Heads up, there is now a json file (compressed) describing the gnu mirror's arborescence tree.
It is updated daily at.
It's served at [1]

Excerpt:

  {"type":"directory","name":"/home/ftp","contents":[
    ...
    {"type":"file","name":"find.txt.gz","size":260849,"time":"1554301217"},
    {"type":"directory","name":"gnu","size":12288,"time":"1548425579","contents":[
        {"type":"file","name":"3DLDF-1.1.3-1.1.4.diff.gz","size":1745877,"time":"1071136751"},
        {"type":"file","name":"3DLDF-1.1.3-1.1.4.diff.gz.sig","size":65,"time":"1071136759"},
        {"type":"file","name":"3DLDF-1.1.3.tar.gz","size":3170889,"time":"1071002600"},
        {"type":"file","name":"3DLDF-1.1.3.tar.gz.sig","size":65,"time":"1071002621"},
        {"type":"file","name":"3DLDF-1.1.4-1.1.5.1.diff.gz","size":7735709,"time":"1074284224"},
        {"type":"file","name":"3DLDF-1.1.4-1.1.5.1.diff.gz.sig","size":65,"time":"1074284255"},
        {"type":"file","name":"3DLDF-1.1.4-1.1.5.diff.gz","size":8502211,"time":"1074279888"},
        {"type":"file","name":"3DLDF-1.1.4-1.1.5.diff.gz.sig","size":65,"time":"1074279893"},
        {"type":"file","name":"3DLDF-1.1.4.tar.gz","size":3325761,"time":"1071078759"},
   ...1
}

The discussion took place by cross-posting on mailing-list [2]

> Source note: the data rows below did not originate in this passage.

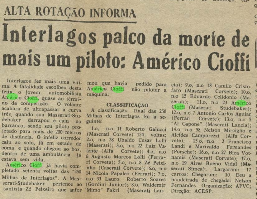 Tratava-se de uma prova de Mecânica Nacional e Sport Internacional, realizada no pouco utilizado circuito externo de Interlagos, um traçado de alta velocidade que incluía as Curvas 1, 2, 3 e a Subida dos Boxes. A notoriamente difícil Curva 3, também conhecida como “Bacião”, devido à sua topografia, localizada no final do "Retão", com cerca de 900 metros de extensão. Embora fosse mais lenta que as Curvas 1 e 2, por ser mais fechada e mais longa, possuía pouca área de escape para proteger os pilotos de uma depressão profunda na parte externa da curva. Cioffi era um piloto relativamente inexperiente e demonstrava nervosismo antes da largada. Então,na volta 71, ocupando a quarta colocação, Américo Cioffi, um novato que tinha participado apenas de quatro corridas, todas com carros de turismo, e que dessa vez pilotava um carro monoposto,de maior potência, antigo e de difícil pilotagem, perdeu o controle em alta velocidade no final do Retão e saiu da pista na Curva 3. O carro capotou diversas vezes, com o piloto atirado fora do carro (naquele tempo não se usava cinto de segurança), caiu de um lado com as quatro rodas para cima e de outro o corpo do piloto. Mas a corrida continuou. Camillo Christofaro abandonou logo em seguida, enquanto Roberto Gallucci liderava com tranquilidade, restando a disputa pelo segundo lugar entre Ubaldo Lolli e Luiz Valente.
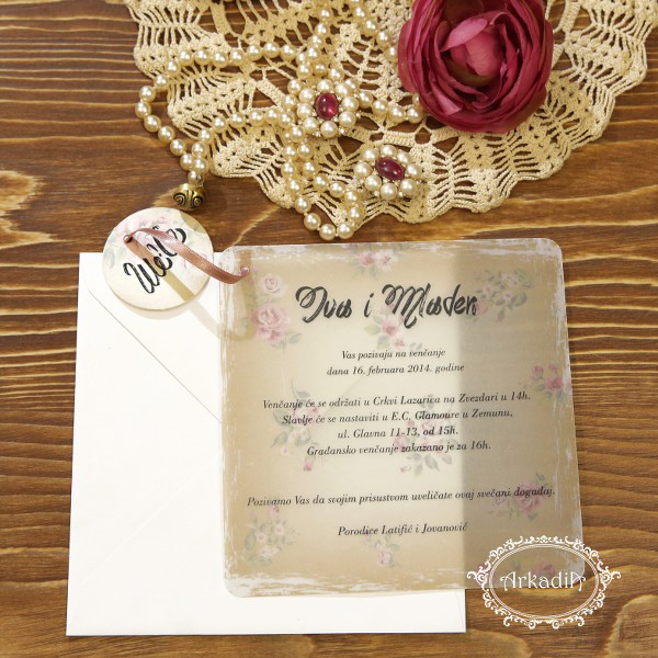 •  pozivnica formata 15x15cm, specijalni sedefasti papir 300g
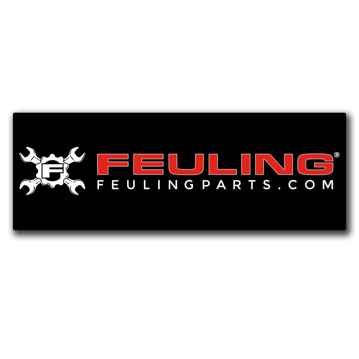 Black high quality cloth banner with FEULING corporate logo featuring loops at each corner for easy mounting
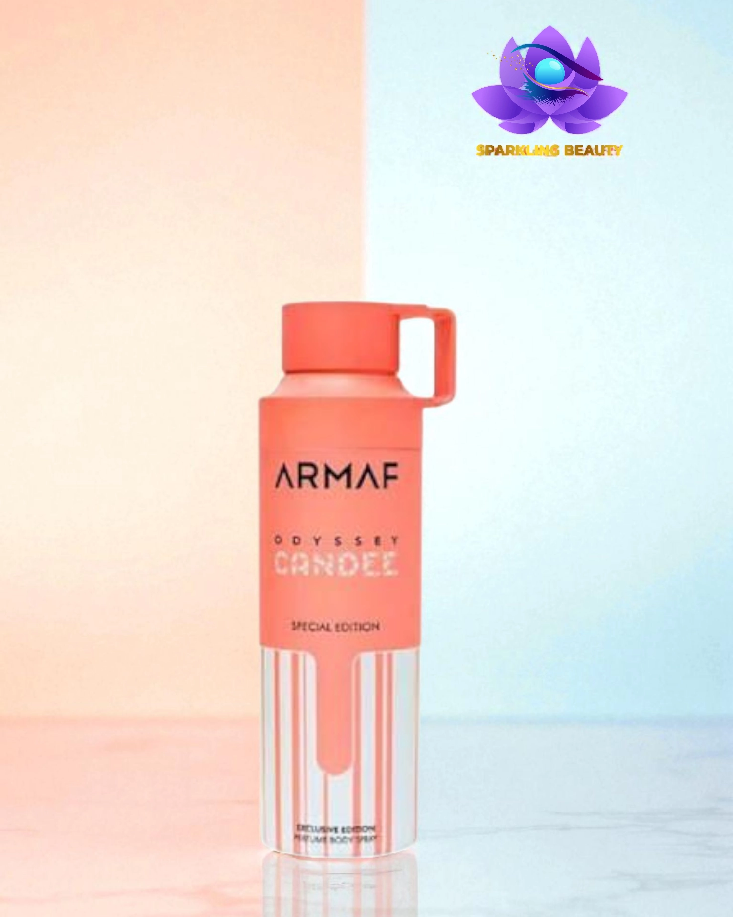 Frasco de perfume Armaf Odyssey Candee edição especial cor coral e creme com riscas verticais
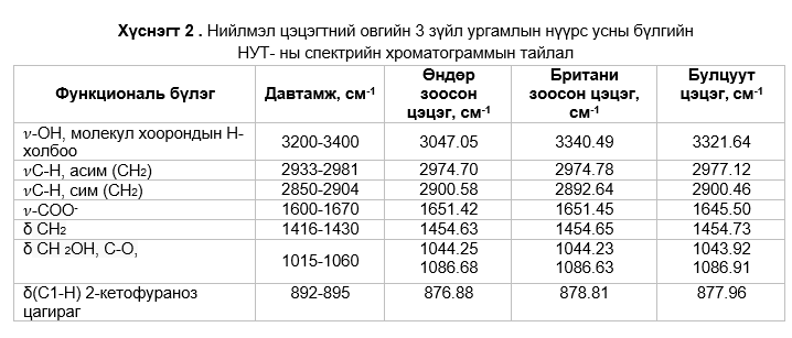 Нүүрс усны бүлгийг нил улаан туяаны (НУТ) спектрээр тодорхойлсон дүн: Булцуут цэцэг, Өндөр зоосон цэцэг, Британи зоосон цэцгийн газрын дээд хэсгийн нүүрс усны бүлгүүдийн бүтцийг НУТ-ны спектрээр тодорхойлж, стандарт бодис болгож сахарозтой харьцуулан, тодорхойлсон (Зураг 2).
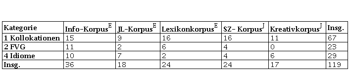 Im Informationskorpus kommen die meisten Phraseme vor, wobei die Kategorien ausgeglichen sind, die Kollokationen sich hier aber besonders zu häufen scheinen. Die anderen Subkorpora sind nicht auf diese Weise ausgeglichen, hier ist der Überhang zu Kollokationen auffällig. Die Ausnahmen stellen hier das Kreativkorpus und das Jugendliteraturkorpus dar. Mit elf Kollokationen, aber sechs Idiomen im Kreativkorpus und neun Kollokationen im JL-Korpus zu sieben Idiomen sind hier relativ ausgewogene Verhältnisse vorzufinden.
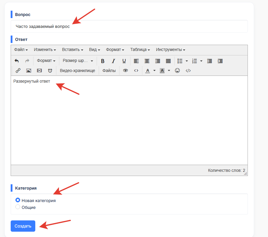 Чтобы создать вопрос-ответ необходимо нажать на кнопку добавить вопрос-ответ
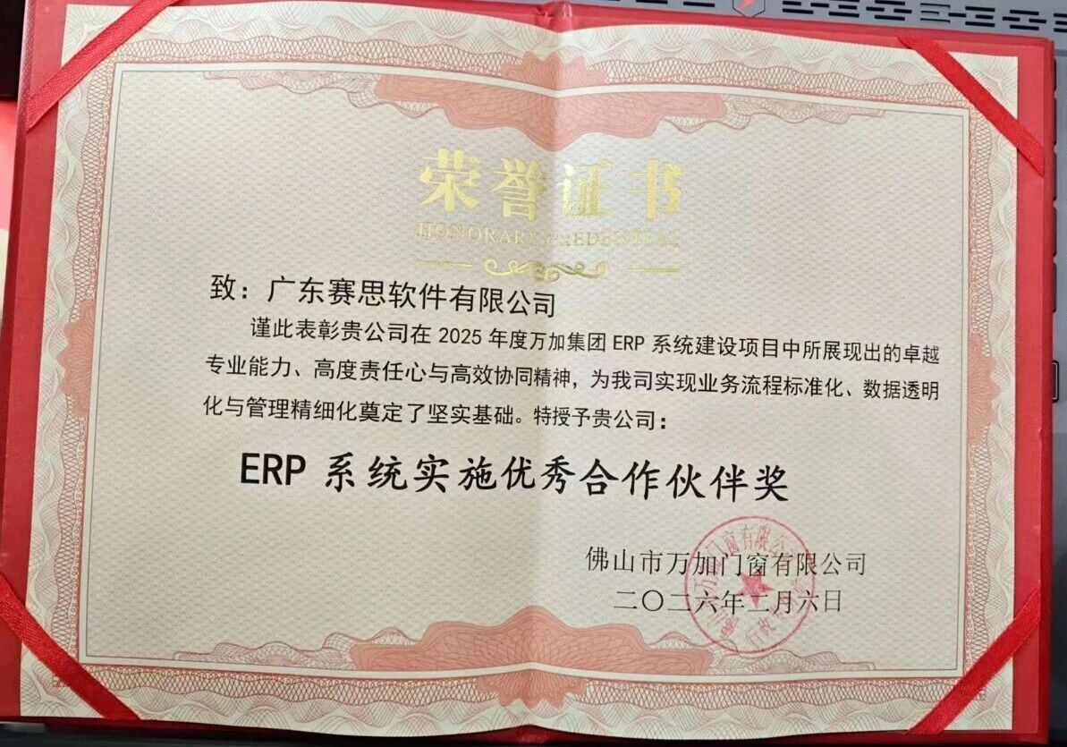 门窗行业头部企业的权威认证,是赛思软件深耕家居数智化领域最坚实的底气。佛山市万加门窗有限公司作为行业内极具影响力的大型智能门窗企业,近日向广东赛思软件有限公司颁发荣誉奖项,以表彰赛思软件在双方数智化合作项目中的卓越表现与核心价值。这份来自行业标杆的认可,不仅是对赛思专业实力的高度肯定,更印证了赛思家居ERP系统在大型门窗企业数字化转型中的硬核赋能能力。
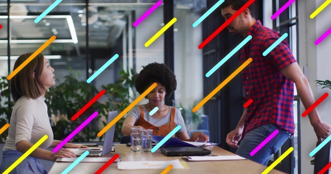 Video captures professionals collaborating on project details around shared table in airy, plant-filled office. Bright, curved graphics indicate creativity, technological engagement. Useful for billboard on fitted clothing line about workplace productivity goals or illustrating business teamwork case study.
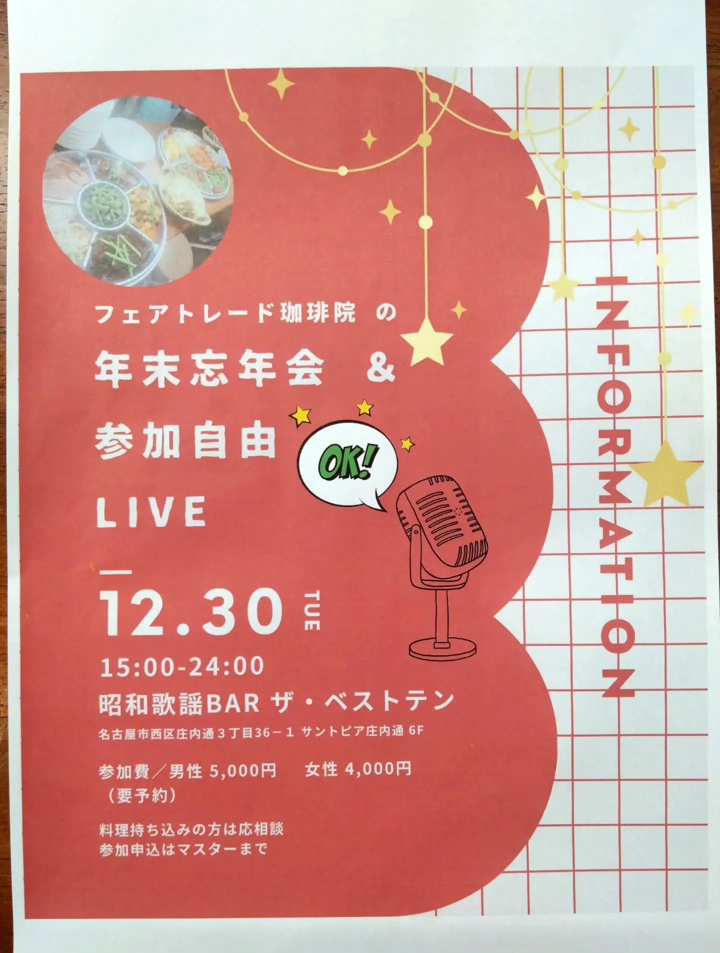 12月30日は常連客の要望で夏の2周年に続き、アコギ🎸生演奏でLIVEとみんなで歌って楽しむ忘年会を開催いたします。

Thanks the cool dude at gnu.org for the heads up ;)

[1] https://ftp.gnu.org/tree.json.gz

[2] https://sympa.inria.fr/sympa/arc/swh-devel/2019-03/msg00003.html

iank added a subscriber: iank.Apr 4 2019, 6:37 PM

It is updated daily at.

This is not the case. It is updated every time the ftp directory changes,
so you can use the timestamp of the file to see if there have been
any changes.

This is not the case. It is updated every time the ftp directory changes,
so you can use the timestamp of the file to see if there have been
any changes.

Thanks for the heads up, i did not grasp you deactivated the daily update for the update change!

Cheers,

ardumont updated the task description. (Show Details)Thu, May 16, 1:44 PM

As suggested by @olasd, what was done in 2015 to ingest packages -

  1. Create origins for all the folders indiscriminately
  2. Only import things that look like tarballs (i.e. that end with .tar.something)

So I guess the best approach to make a lister and loader to ingest GNU packages would be to follow the same.